In the Survey research world, K-means has a very chequered reputation amongst those who have used it extensively. It is exceptionally sensitive to changes in input variables and to the choice of the number of clusters. The first is a particular problem unless there is an underlying theory about the relevant variables. Adding one variable can change the entire solution dramatically. I stopped using it years ago in favour of latent class analysis and latent continua, especially via the use of correspondence analysis. k-mean is also not great with non-continuous variables.

Jim Frost says

Hi Neil,

Thanks for sharing your experiences with K means clustering. It’s great when readers write about their real-world usage of statistical procedures. I think you raise some great points in your comments. First of all, not all tools work in all contexts. Secondly, it’s important to assess the results and determine whether they make sense given your subject-area knowledge. Don’t treat any procedure as a black box that just spits out an answer that you assume is correct. Verify!

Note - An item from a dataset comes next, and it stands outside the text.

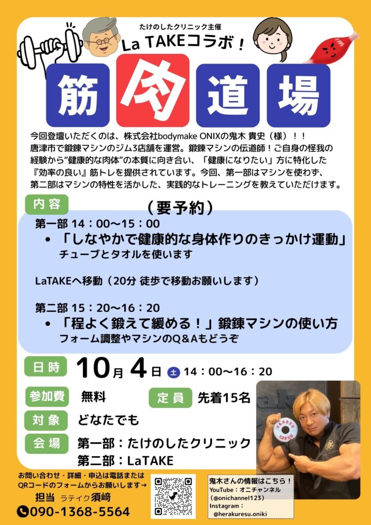 💪10/4(土)「筋肉道場」× LaTAKEコラボ 開催!

Think of it this way. Classifying any set of observations using a set of variables can be tricky even when you have experts in the subject area doing the classification. There can be disagreements between experts on how to weight the different variables and where to draw lines between different categories. Now imagine doing that with a statistical algorithm that doesn’t use any subject-area knowledge but does assess the data using an objective approach that considers a large number of variables. There are bound to be pros and cons. Various difficulties. And so on. There is also the question of how many groups are optimal.

In short, I’m sure how well it works varies by area.

I think K means clustering has its place, particularly when you think the big data arena and where the risk of misclassification is small. Maybe you classify people into different groups and the based on the groups either target them with different types of advertising or product recommendations.

Funsho Olukade says

Thank you Prof. Clearly K means clustering as a statistical tool can help create meaning out of a cacophony of data just as your given example clearly demonstrated it.

Jim Frost says

Hi Funsho, thanks! And I love how you phrase it, “creating meaning out of a cacophony of data!” That’s exactly what it does!